===== Record extracts

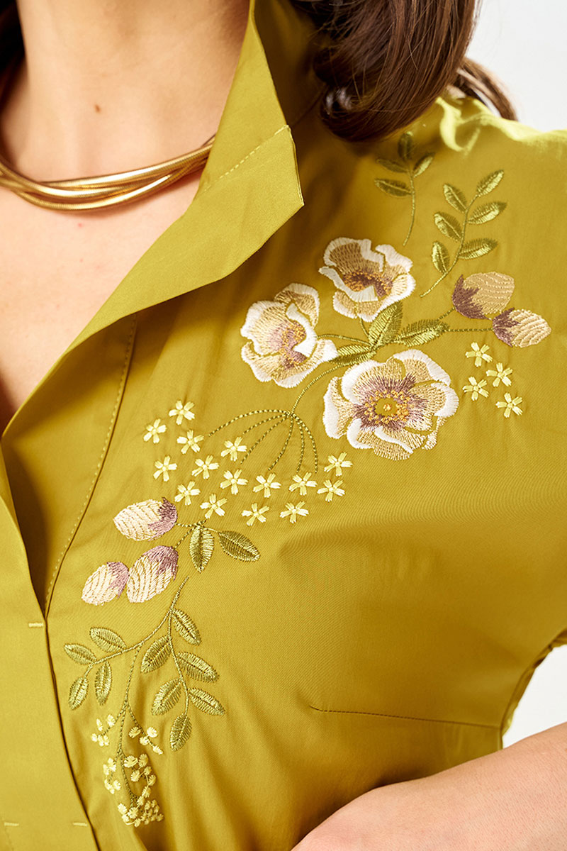 Платье женское из смесовой ткани для повседневной носки. Платье, расширенное к низу, а также отрезное по линии талии и имеет сборку. Перед имеет дизайнерскую вышивку в виде очаровательных цветов, а также две нагрудные вытачки. В боковом шве имеются потайные прорезные карманы. Горловина обработана втачной планкой и стойкой. Рукава цельнокроеные, низ рукава обработан отлетной манжетой, длинна рукава чуть выше локтя. Длинна платья макси. Для придания формы в области талии имеется пояс из основной ткани с застежкой на кнопки. В платье имеются по планке декоративные закрепки. Платье элегантного василькового цвета, в котором вы будете выглядеть очень привлекательно. За счет большого содержания хлопка в платье, ваша кожа будет чувствовать себя комфортно. Красивое и элегантное платье в котором вы будете выглядеть неотразимо.
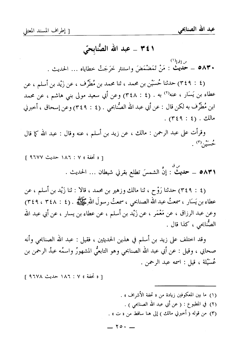 5831 -[س ق] حديث إن الشمس تطلع بقرني شيطان. . الحديث. (4: 349) حدثنا روح، ثنا مالك وزهير بن محمد قالا: ثنا زيد بن أسلم، عن عطاء بن يسار سمعت عبد الله الصنابحي سمعت رسول الله صَلَّى اللَّهُ عَلَيْهِ وَسَلَّمَ (4: 348، 349) وعن عبد الرزاق، عن معمر، عن زيد بن أسلم، عن عطاء بن يسار، عن أبي عبد الله الصنابحي كذا قال. وقد اختلف على زيد بن أسلم في هذين الحديثين فقيل عبد الله الصنابحي وأنه صحابي وقيل: عن أبي عبد الله الصنابحي وهو التابعي المشهور واسمه عبد الرحمن بن عسيلة قيل اسمه عبد الرحمن
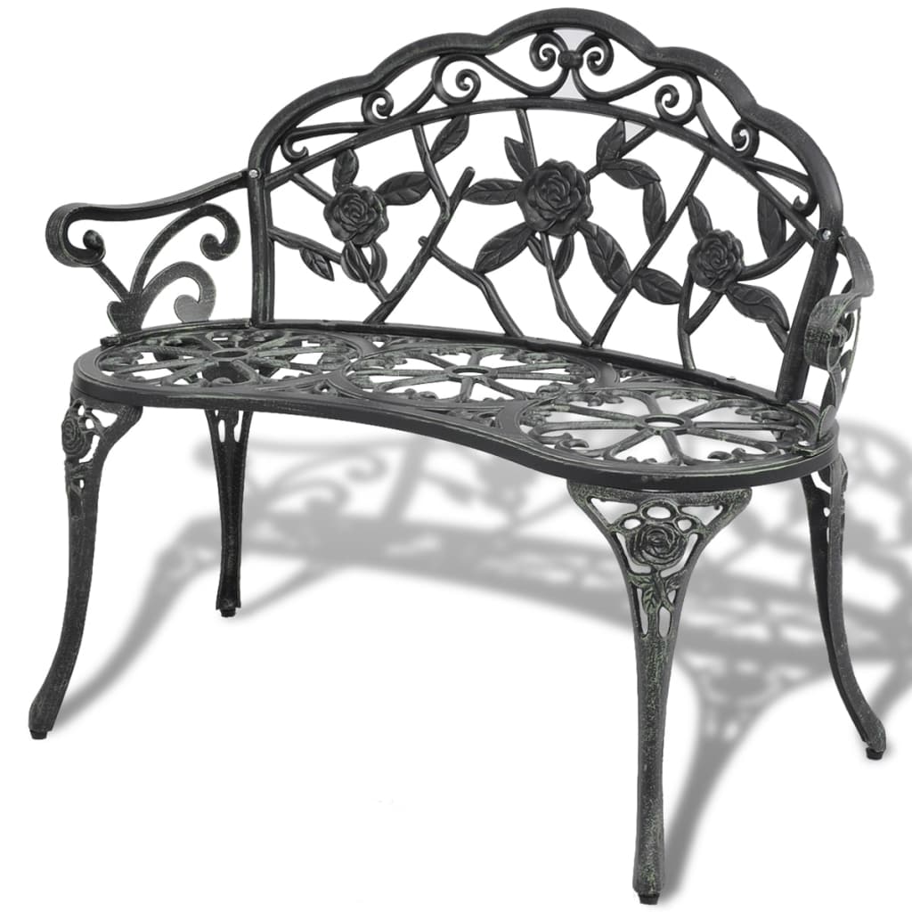 GARDEN BENCH GREEN CAST ALUMINUM The bench will complement any garden or patio with its ornate decorations and romantic style, and it will be simply indispensable on lukewarm summer nights. Made of high-quality cast aluminum, this garden bench is weather-resistant and highly durable.
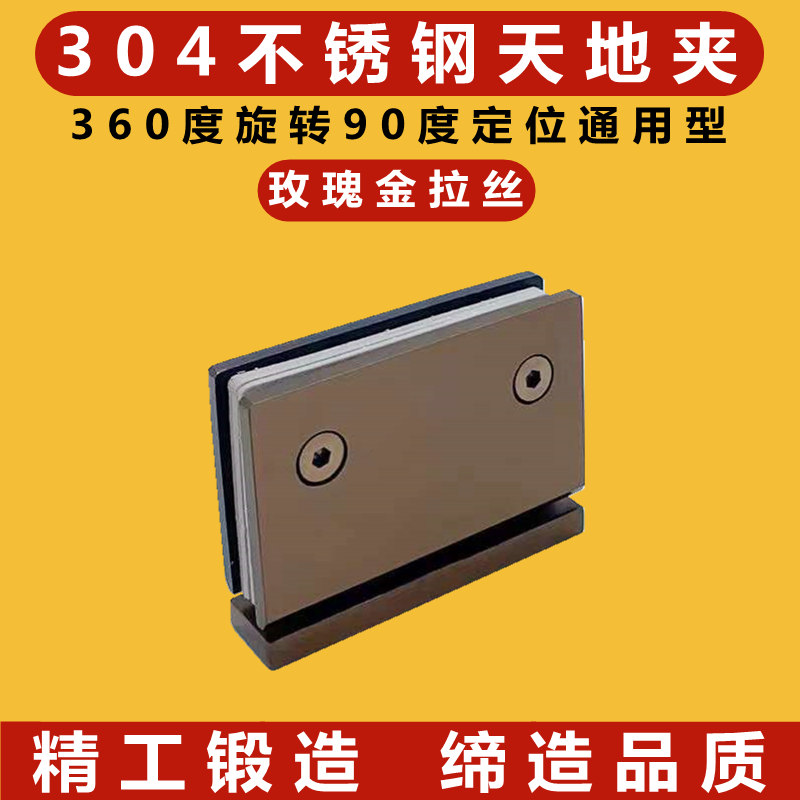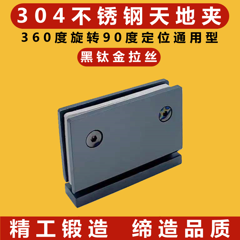 Glass door heaven and earth clip 360 degrees rotary axis 304 stainless steel black bathroom clamp display case upper and lower hinge hinge-Taobao
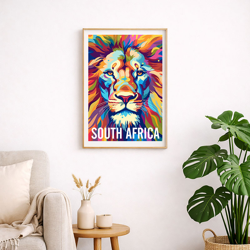 Take a piece of South Africa home with this South Africa Lion art print, featuring a bold and colourful illustration that captures the spirit of Africa.
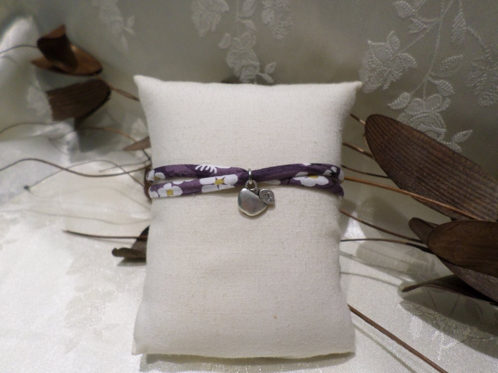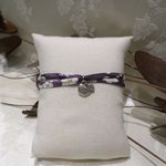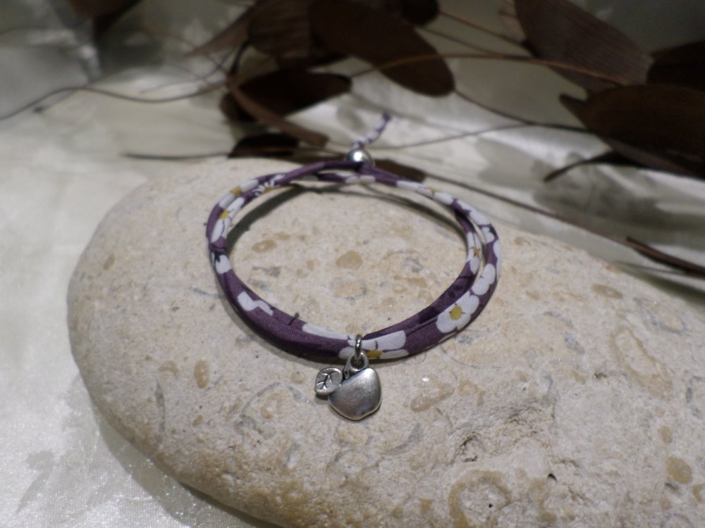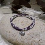 Bracelet adolescente femme en cordon Liberty fleuri violet, agrémenté d'un pendentif pomme argenté. Un bijou fait main, original et plein de fantaisie, parfait pour un cadeau de Noël, anniversaire, ou Fête des mères
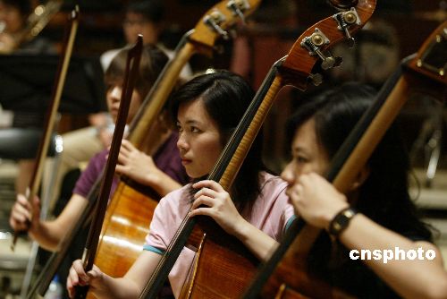 七月十一日,台湾“奇美管弦乐团”在北京举行新闻发布会宣布,该团将于本月十二日到二十日首次在北京、南京、镇江、宁波、上海、佛山等地举行六场名为“夏沁音乐《奇美世界名琴仲夏夜》奇美管弦乐团大陆巡演音乐会”,旨在促进两岸文化的交流,增进两岸同胞相互间的了解和友情。图为乐团进行在北京首场演出前的紧张排练。中新社发 任海霞 摄
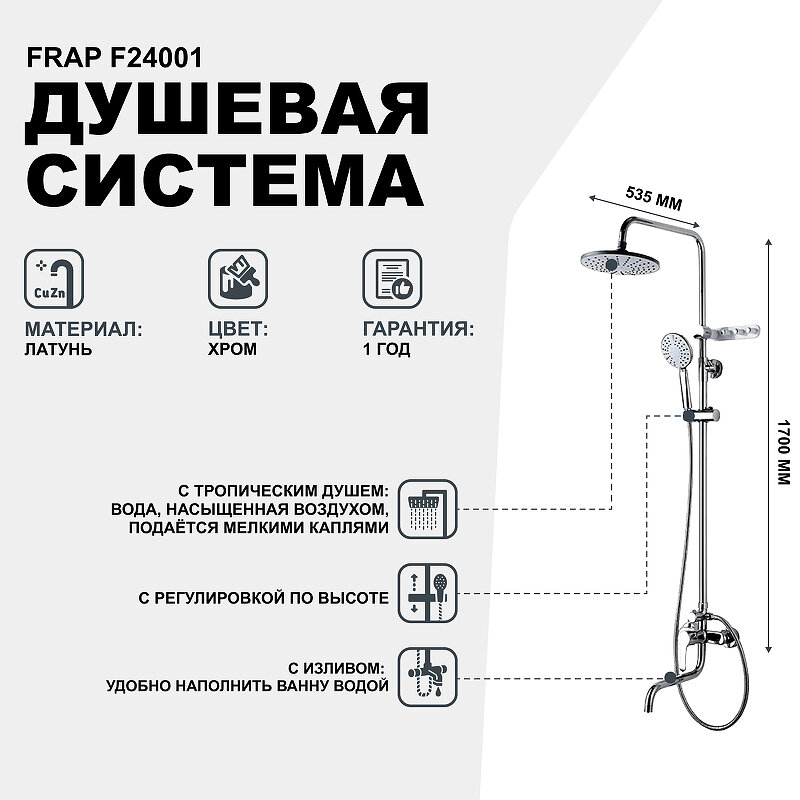 Ниже Вы можете прочитать отзывы на Душевая система Frap F24001 Хром, ознакомится с подробными характеристиками, посмотреть интересные обзоры и фотографии на Душевая система Frap F24001 Хром.
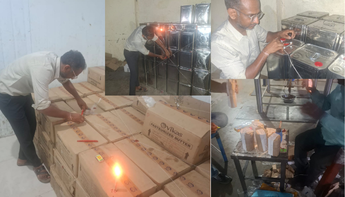 સત્તાવાર માહિતી અનુસાર ખોરાક અને ઔષધ નિયમન તંત્ર, (Gujarat Food and Drug Regulatory Authority) સુરેન્દ્રનગર અને જિલ્લા પુરવઠા અધિકારી દ્વારા તા. 03-06-2025ના દિવસે મે. શિવ ઇન્ડસ્ટ્રીઝ, સર્વે નંબર: 75-21 ચોટીલા રોડ, મુ. ગુગલીયાના, તા: થાનગઢ, જિ. સુરેન્દ્રનગરમાં સંયુક્ત તપાસ કરવામાં આવી હતી, જેમાં સ્થળ પર પેઢી ના જવાબદાર રાજેશભાઇ ભરતભાઇ ચાવડાને હાજર રહ્યા હતા અને તેઓએ લાઈસન્સ ની નકલ રજૂ કરી હતી. સ્થળ પર રહેલ જથ્થા વિશે પૂછપરછ કરતા વેપારીએ હાલમાં પેઢીમાં તૈયાર કરેલ ઘી (શ્રી ભોગ બ્રાન્ડ), લુઝ ઘી, ઘી બનાવવા માટેના બટર તેમજ રીફાઇન્ડ પામોલીન ઓઇલ હાજરમાં હોવાનું સ્વીકાર્યું હતું. જે ખાદ્યચીજ ઘીમાં પ્રાથમિક દ્રષ્ટીએ ભેળસેળની શંકા જતા તંત્ર દ્રારા કાયદા હેઠળની કાર્યવાહી કરતાં રાજેશભાઇ ભરતભાઇ ચાવડાની હાજરીમાં ઘી સહિત અન્ય ખાદ્યચીજના એમ કૂલ ચાર નમુના લેવામાં આવ્યા હતા.
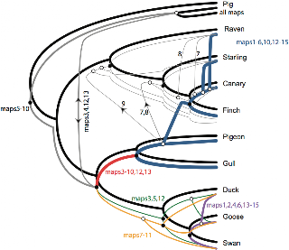 Mike Steel once very usefully asked me, what are the desired properties of cophylogeny maps? In trying my best to answer him I realised that none of the properties really needs either phylogeny to be a tree. Nodes in P are mapped to nodes or edges in H, and the evolutionary history they imply is based on the route through H from parent node p' to child node p in P. If H is a tree then this is unique; otherwise there can be ambiguity and a potential explosion in number of solutions. But it does mean that potentially we can solve the mapping problem moderately well so long as P and H are at least DAGs. While this is possible in principle, in practice, it's pretty much impossible.
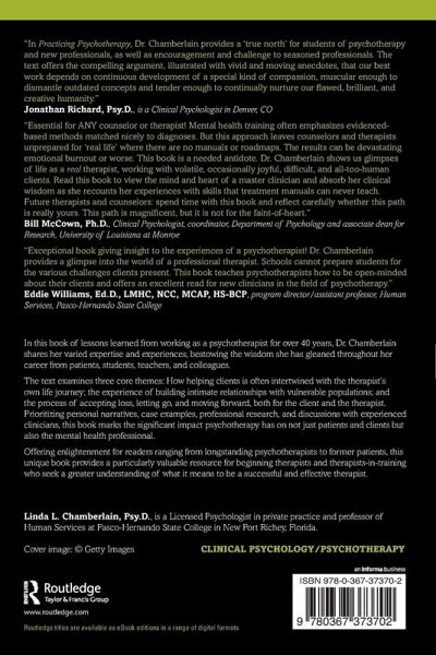 Essential book for ANYONE who wants to be-or is- a counselor or therapist! Contemporary mental health training often emphasizes evidenced-based methods matched nicely to diagnoses. It often looks so easy. But this highly structured approach often leaves counselors and therapists unprepared for life "out there" where there are no manuals or roadmaps. The results can be devastating emotional burnout or much worse. This book may be just the needed antidote. Dr. Chamberlain shows us glimpses of life as a real therapist, working with volatile, occasionally joyful, difficult, sometimes ungrateful, and all-too-human clients. Read this book to view the mind and heart of a master clinician as she recounts her journey across the lifespan, with skills that treatment manuals can never teach. Read it again to absorb the clinical wisdom on each page. But most of all, if you believe therapy is your calling, you need to spend time with this book and reflect carefully whether this path is really yours. This lifetime journey is magnificent, but it is not for the faint-of-heart.
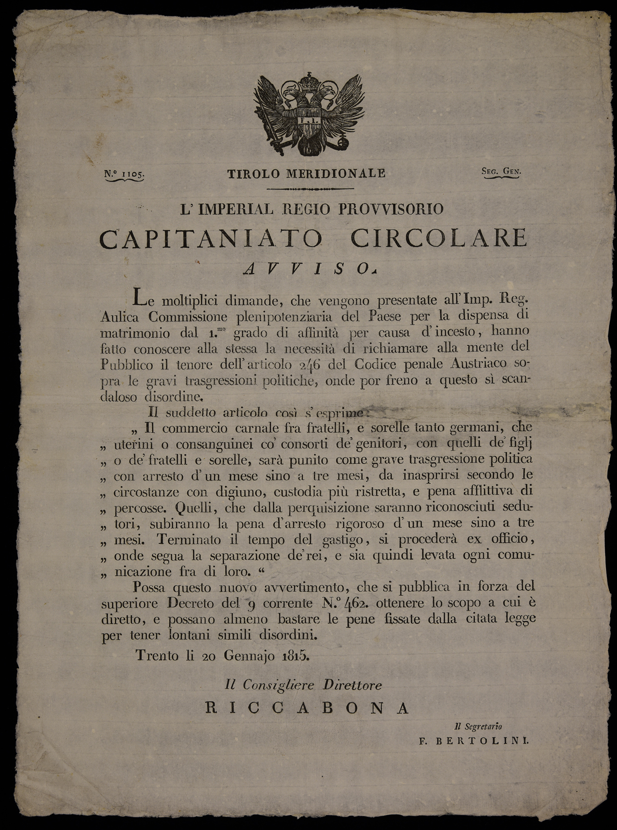 L'Imperial Regio Provvisorio Capitaniato circolare. Avviso
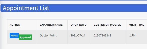 After Approved the patients Appointment Doctor click visited list and press Present option

==========

▸ **Task details**
The lines to reproduce run from the one above containing "Take a piece" through the one containing "Ниже Вы можете". Copy them exactly and leave out all pictures.

▸ **Exercise solution**
 Take a piece of South Africa home with this South Africa Lion art print, featuring a bold and colourful illustration that captures the spirit of Africa.
 Bracelet adolescente femme en cordon Liberty fleuri violet, agrémenté d'un pendentif pomme argenté. Un bijou fait main, original et plein de fantaisie, parfait pour un cadeau de Noël, anniversaire, ou Fête des mères
 七月十一日,台湾“奇美管弦乐团”在北京举行新闻发布会宣布,该团将于本月十二日到二十日首次在北京、南京、镇江、宁波、上海、佛山等地举行六场名为“夏沁音乐《奇美世界名琴仲夏夜》奇美管弦乐团大陆巡演音乐会”,旨在促进两岸文化的交流,增进两岸同胞相互间的了解和友情。图为乐团进行在北京首场演出前的紧张排练。中新社发 任海霞 摄
 Ниже Вы можете прочитать отзывы на Душевая система Frap F24001 Хром, ознакомится с подробными характеристиками, посмотреть интересные обзоры и фотографии на Душевая система Frap F24001 Хром.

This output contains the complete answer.